Information provided:
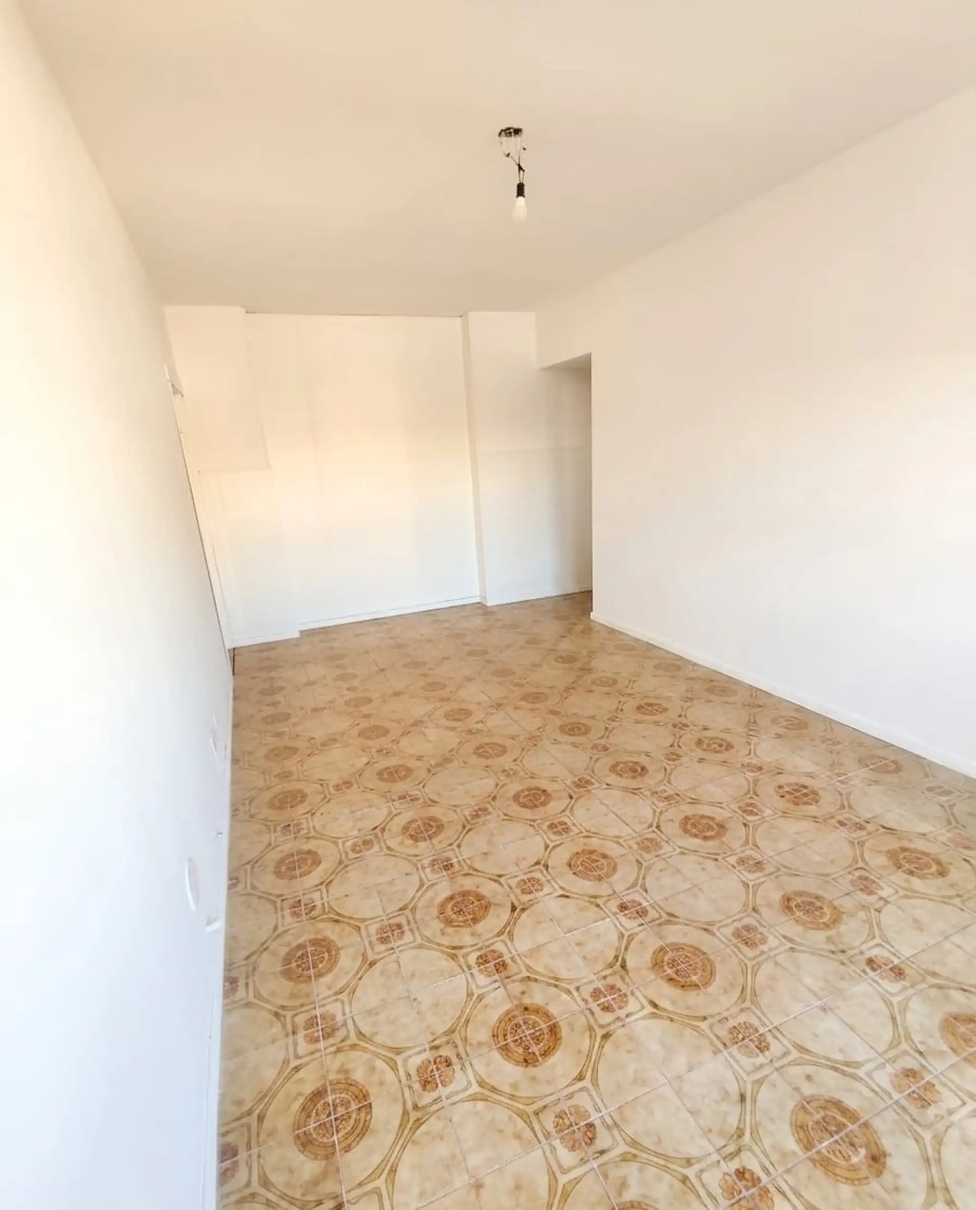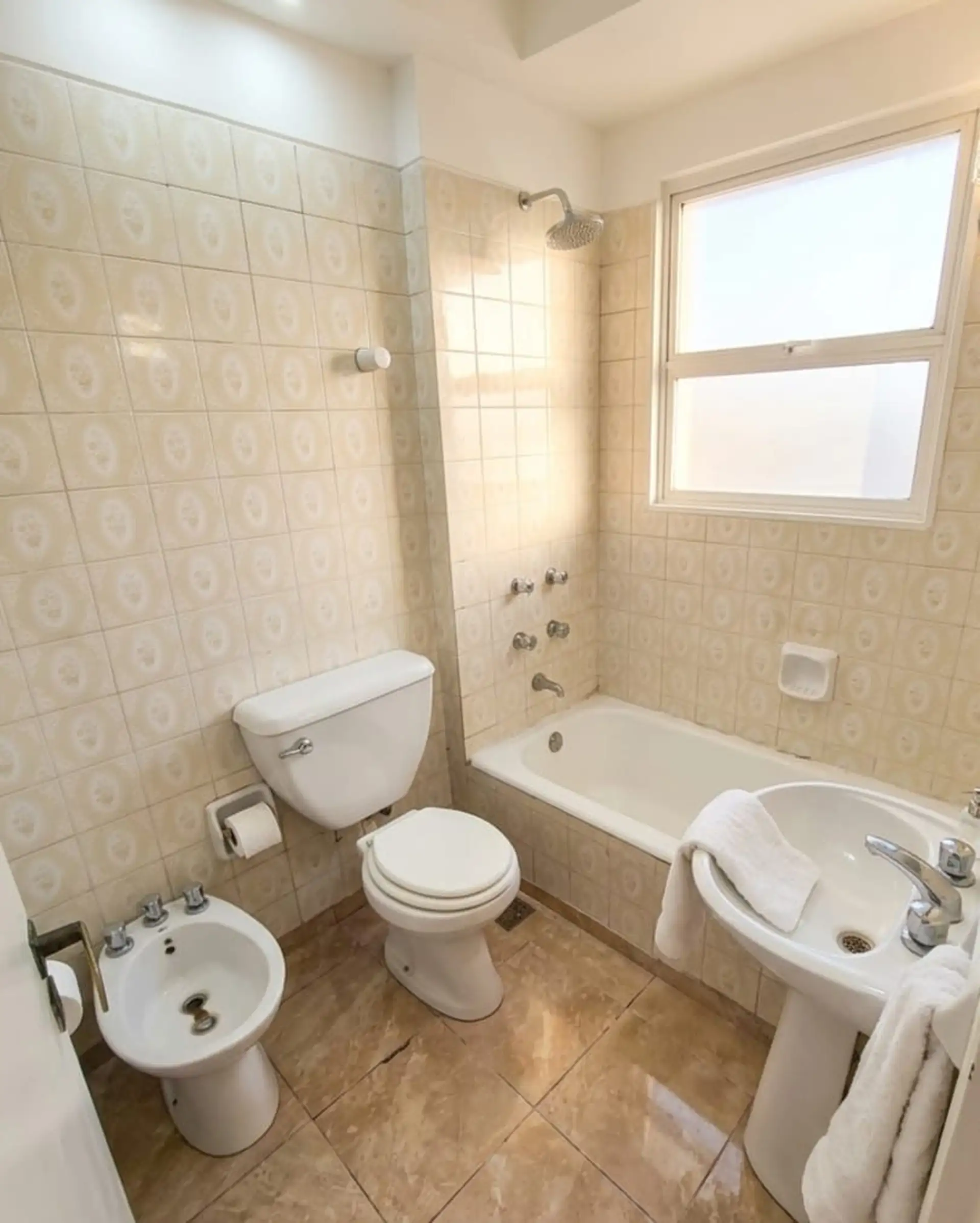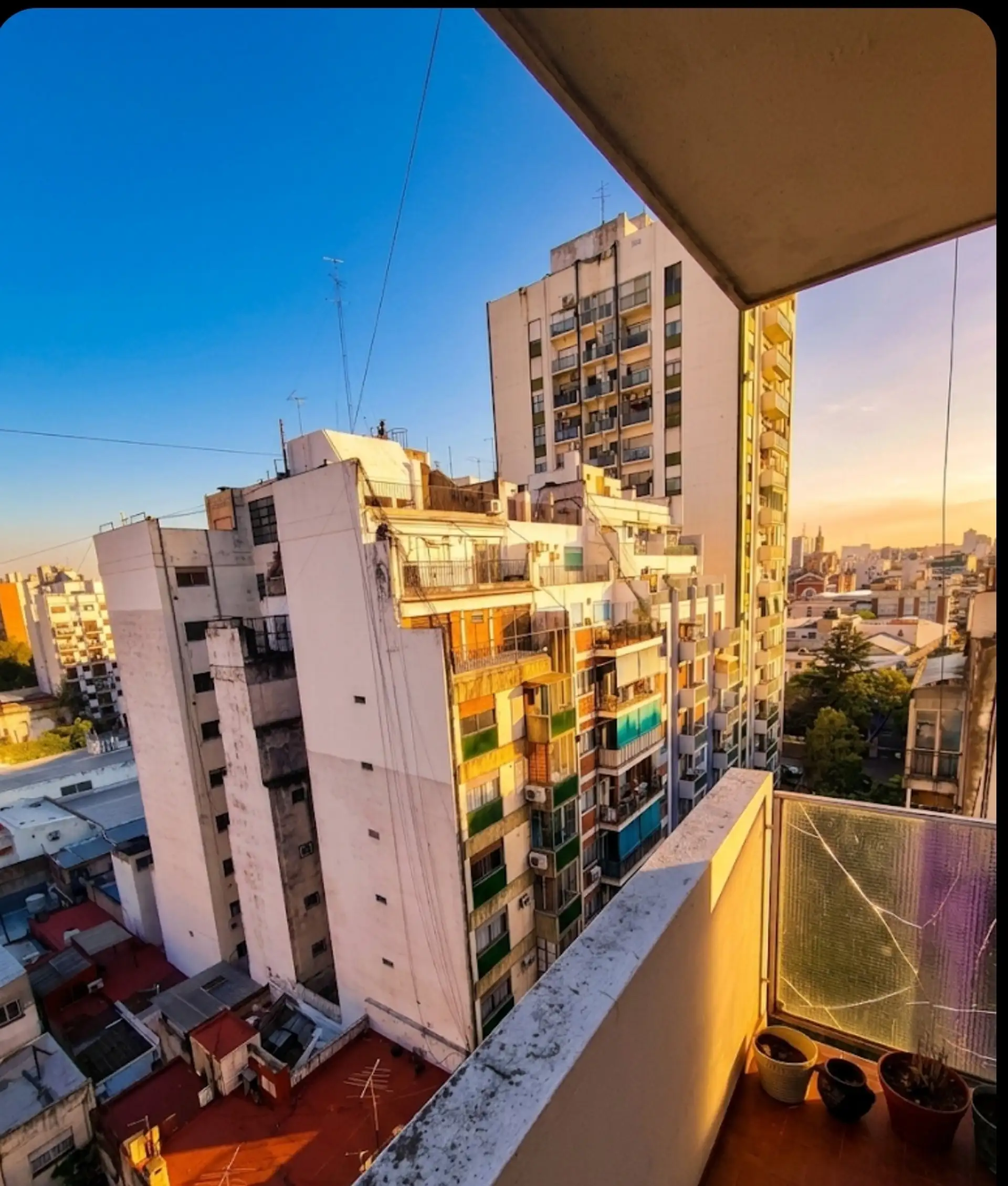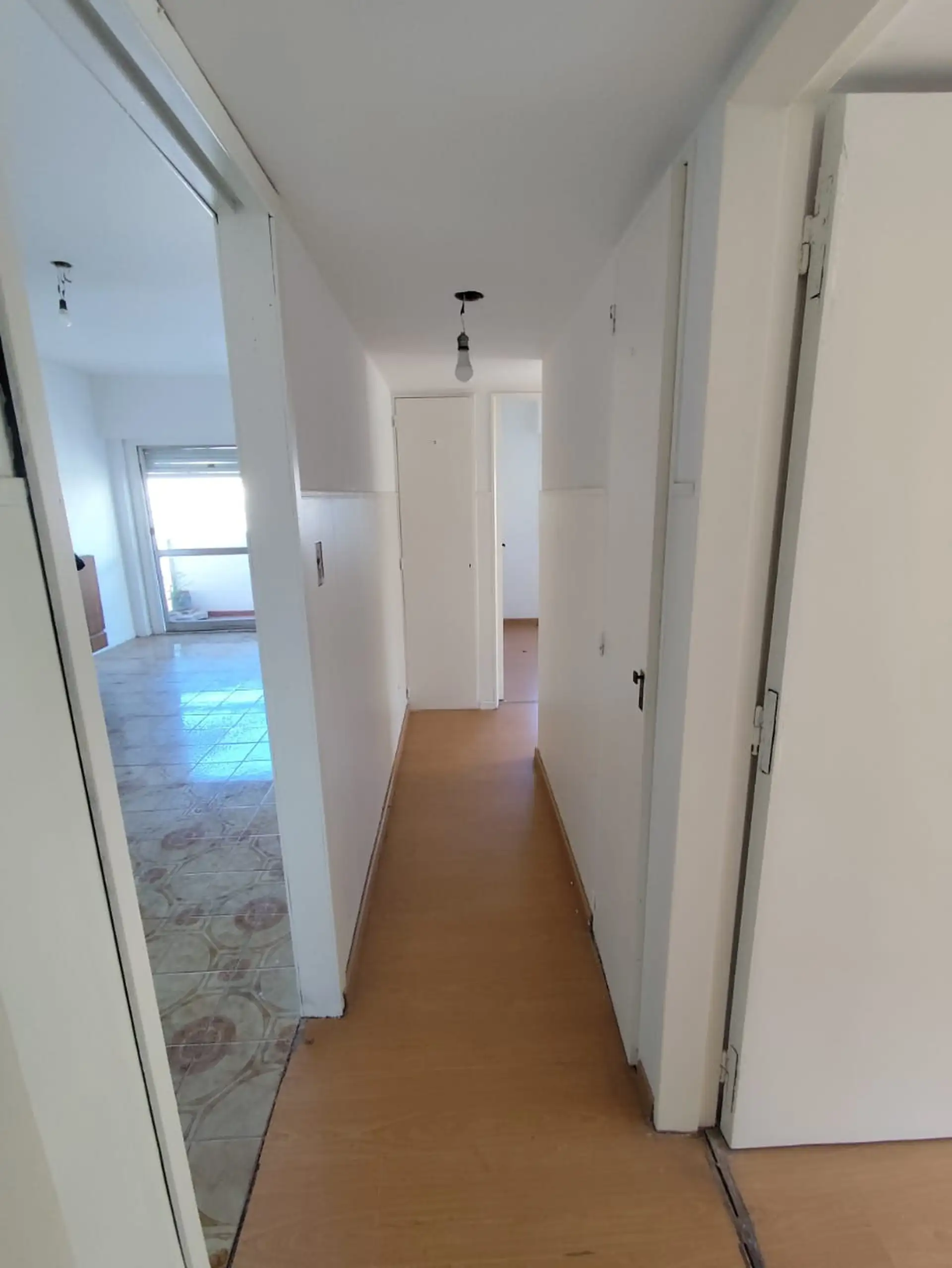 Four-room apartment in Almagro. It has a separate gas kitchen with built-in lower cabinets and wall units, a living-dining area with access to a courtyard-facing balcony, a laundry area, and three bedrooms with windows and closets. The unit was recently painted and includes storage in storage rooms (bauleras); the building has a ground-floor patio and a communal room (SUM) equipped with a refrigerator, oven and air conditioning. Building fees are ARS 124,000. Rental terms require a rental guaran
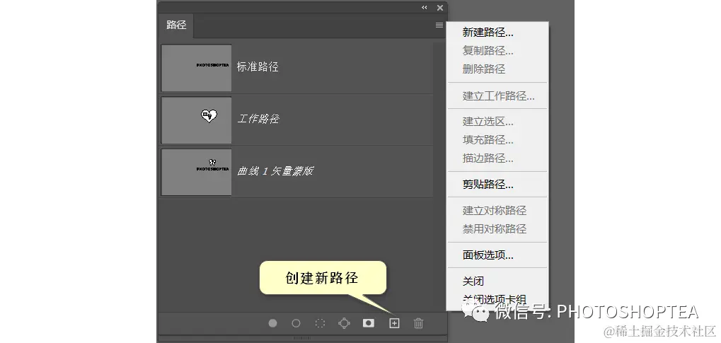 (3)将临时路径复制为(标准)路径:将临时路径拖至“创建新路径”按钮上。
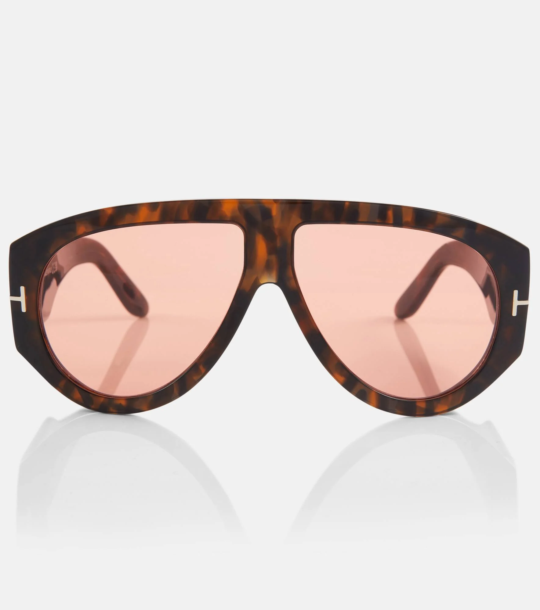 The Bronson style showcases Tom Ford’s dedication to timeless design. This glossy acetate style has UV-protective tinted lenses and metallic “T” detailing to the hinged arms. - material: acetate - lens colour: raspberry red, brown - frame colour: brown - tinted lenses - lens filter category 1 - Made in Italy - comes with cleaning cloth - comes with a case and presentation box - the color of the case may vary size & fit - Lens width: 60mm-2.35" - Bridge size: 12mm-0.45" - Earpiece length: 140mm-5.5"
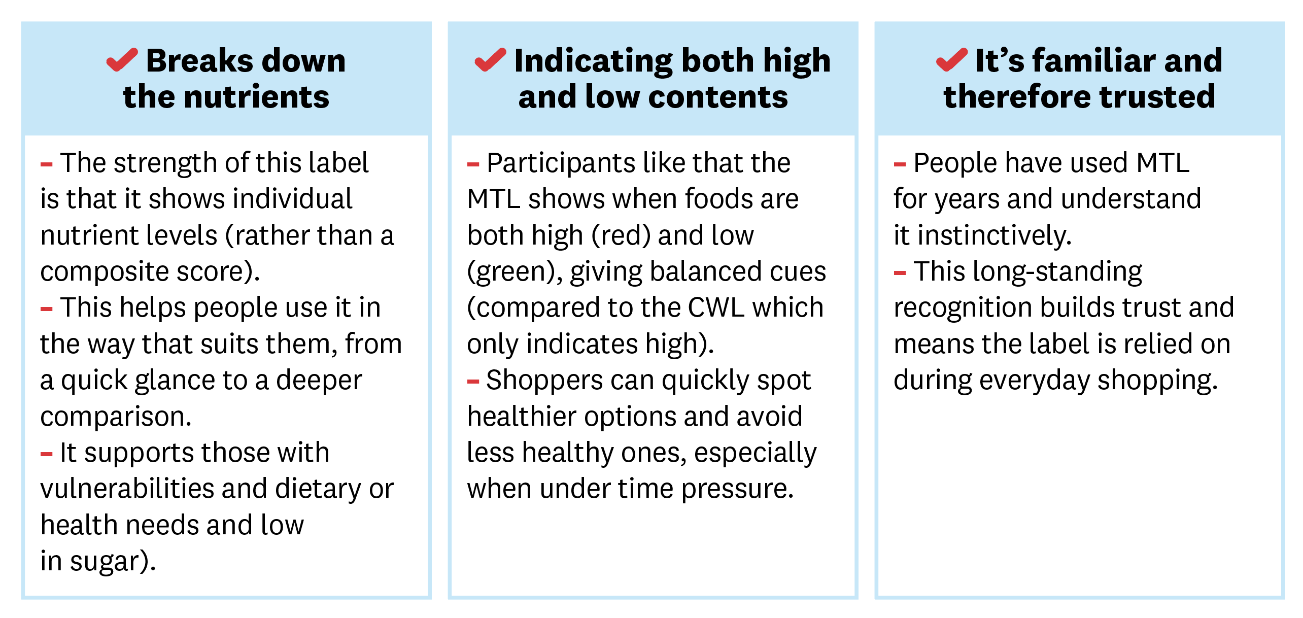 These requested improvements, from increasing the size of the label to making it more visible and better understood, were seen as essential for helping the MTL work well for everyone, especially those who need clearer support to make confident, healthier choices.

Exercise aim: Output the complete listing exactly as it appears, except for the images.

Task response:
 Four-room apartment in Almagro. It has a separate gas kitchen with built-in lower cabinets and wall units, a living-dining area with access to a courtyard-facing balcony, a laundry area, and three bedrooms with windows and closets. The unit was recently painted and includes storage in storage rooms (bauleras); the building has a ground-floor patio and a communal room (SUM) equipped with a refrigerator, oven and air conditioning. Building fees are ARS 124,000. Rental terms require a rental guaran
 (3)将临时路径复制为(标准)路径:将临时路径拖至“创建新路径”按钮上。
 The Bronson style showcases Tom Ford’s dedication to timeless design. This glossy acetate style has UV-protective tinted lenses and metallic “T” detailing to the hinged arms. - material: acetate - lens colour: raspberry red, brown - frame colour: brown - tinted lenses - lens filter category 1 - Made in Italy - comes with cleaning cloth - comes with a case and presentation box - the color of the case may vary size & fit - Lens width: 60mm-2.35" - Bridge size: 12mm-0.45" - Earpiece length: 140mm-5.5"
 These requested improvements, from increasing the size of the label to making it more visible and better understood, were seen as essential for helping the MTL work well for everyone, especially those who need clearer support to make confident, healthier choices.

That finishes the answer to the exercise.